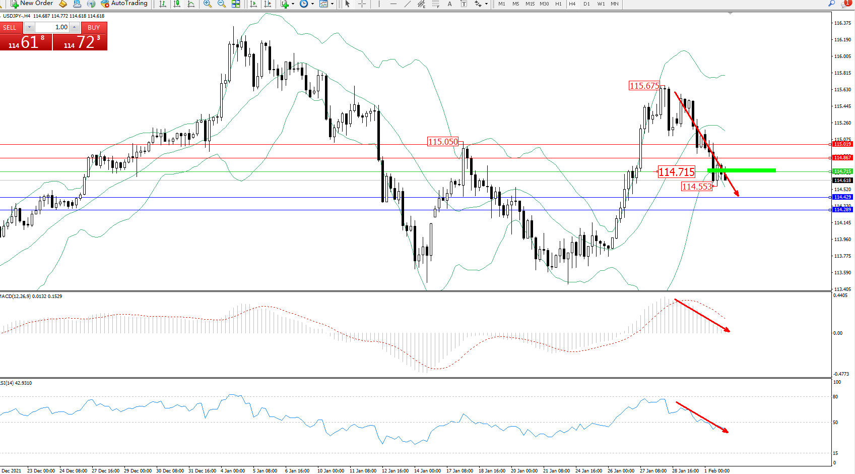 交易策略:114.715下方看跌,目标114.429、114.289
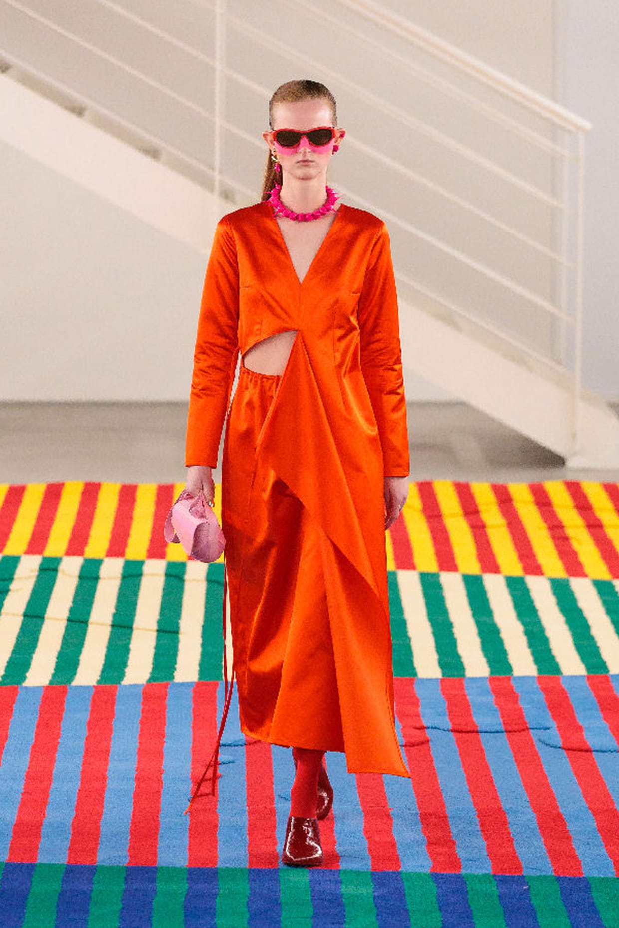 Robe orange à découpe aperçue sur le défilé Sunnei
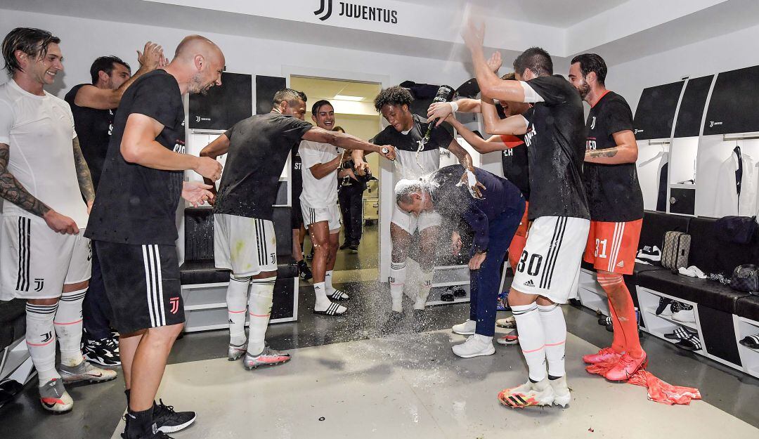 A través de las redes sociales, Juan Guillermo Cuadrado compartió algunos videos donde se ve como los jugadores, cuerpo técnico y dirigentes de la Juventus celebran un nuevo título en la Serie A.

::::::::::

→ What to produce
Reproduce all the data as it stands. The pictures are not part of the copy.

→ Exercise output
 交易策略:114.715下方看跌,目标114.429、114.289
 Robe orange à découpe aperçue sur le défilé Sunnei
 A través de las redes sociales, Juan Guillermo Cuadrado compartió algunos videos donde se ve como los jugadores, cuerpo técnico y dirigentes de la Juventus celebran un nuevo título en la Serie A.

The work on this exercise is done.